Most Extreme Elimination Challenge was created and produced by RC Entertainment, Inc. (Paul Abeyta and Peter Kaikko) in Los Angeles, California, and Larry Strawther (a writer and producer on a number of network sitcoms). The three were friends who had worked together at Merv Griffin Productions in the late 1970s. Strawther was a staffer on Dance Fever, which Abeyta took over as executive producer the following season, while Strawther stayed with Jeopardy!. Between jobs they would occasionally try to create their own projects. One of these was the 1990s talk show spoof Night Stand with Dick Dietrick. MXC is the property of both Tokyo Broadcasting System (TBS) and RC Entertainment. The 2004 special episode MXC Almost Live is the property of Viacom International and was filmed in Orlando, Florida, by the producers of MXC.

==Episodes==

The premise of Most Extreme Elimination Challenge (as distinct from Takeshi's Castle) is a game show that is hosted by the eccentric characters Vic Romano (Vic Wilson) and Kenny Blankenship (Chris Darga), along with the field marshal Captain Tenneal (John Cervenka) and the field reporter Guy LeDouche (John Cervenka). The announcer (John Cervenka) would begin each episode with this standard introduction:

"What are these people running from? They're not! They're running to the world's toughest competition in town!"

When the show was transitioning away from its full name, it briefly added "Most Extreme Elimination Challenge!" to the end of the opening.

Eventually, the opening introduction was changed to:

"Get fired up for MXC! The world's most toughest competition in town!"

Usually, two or three teams of contestants compete in several turn-based and head-to-head challenges. The only episode done without a competitive team base was the first episode ever made, which was simply centered around the stereotypical antics of college girls. Even though this was the first episode made, it was the seventh episode of season one to air.

The contestants compete in a variety of challenges, usually four per episode, but occasionally as many as six. The challenges are extremely hard, and a majority of the contestants fail to complete the challenges. Throughout the show, painful failures to complete challenges are reviewed by Vic and Kenny in the "MXC Impact Replay" (briefly given sponsor names like the "Snickers Satisfies Replay" and the "Slim Jim Snap of the Day"), which is essentially a sports-themed playback feature. Occasionally, the Impact Replay is used for Kenny's pleasure, in looking at the female contestants, items, or random events in the series which he finds funny or disappointing. Contestants who do complete a challenge earn points for their team. The team with the most points at the end of the episode wins the competition.

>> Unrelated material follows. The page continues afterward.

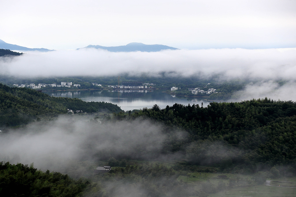 2019年6月20日早晨,安徽黄山,暴雨过后,黟县塔川出现平流雾景观,徽派古民居在平流雾中若隐若现,恍如仙境。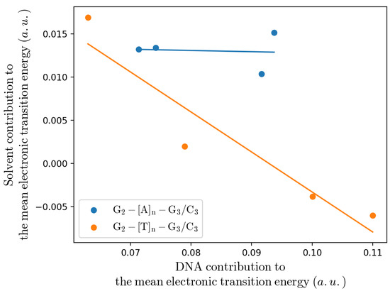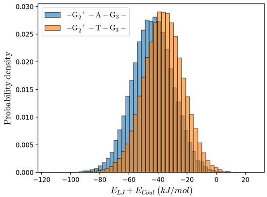 Remarkably, from Table 2 it is evident that our estimate of the (intra-strand) rate constant (i.e., ) for the T-type bridge systems well matches the experimental value for all the sequences, irrespective of the bridge length, while for the A-type bridge systems our calculations always underestimate the rate constant and, in particular, for the single Adenine bridge case a large discrepancy is present. Interestingly, when dissecting the mean electronic transition energy into the solvent and DNA contributions (i.e., as obtained considering either only the solvent or only the DNA perturbation), it emerges that for the intra-strand CT the main difference between the A-type and T-type bridge systems is the solvent contribution being much larger in the A-type bridge systems (in the T-type bridge systems an almost null solvent contribution is present, see Supplementary Materials, thus indicating an almost identical solvent average perturbation for and ) with a clear negative correlation only for the T-type bridge systems (for the A-type bridge systems the solvent contribution seems basically independent of the DNA one, see Figure 7). Such results suggest a possible MD force field inaccuracy for treating the interaction between the solvent and ––, providing a too high solvent contribution to the mean transition energy: e.g., the lack of a proper stacking term between the oxidized Guanine and the Adenine bases could provide an excessive solvent- interaction in the R ensemble, over-stabilizing as suggested by the comparison of the solvent- interaction energy distributions as obtained by the MD simulations of the –– and –– sequence containing substrates (see Figure 8). Note that in order to test other force fields, we performed the same calculations using the BSC1 [51] force field or the TIP3P [52] water model finding (within the noise) identical results, see Supplementary Materials.

At the end of each episode, Kenny counts down the ten "Most Painful Eliminations of the Day", which usually focus on the events shown in the Impact Replay, but sometimes includes random events that involved the main or recurring characters.

Kenny and Vic, along with any other people around them at the end of the show, all end the episode by saying: "Don't get eliminated!" initiated by one of the two asking "What do we always say?"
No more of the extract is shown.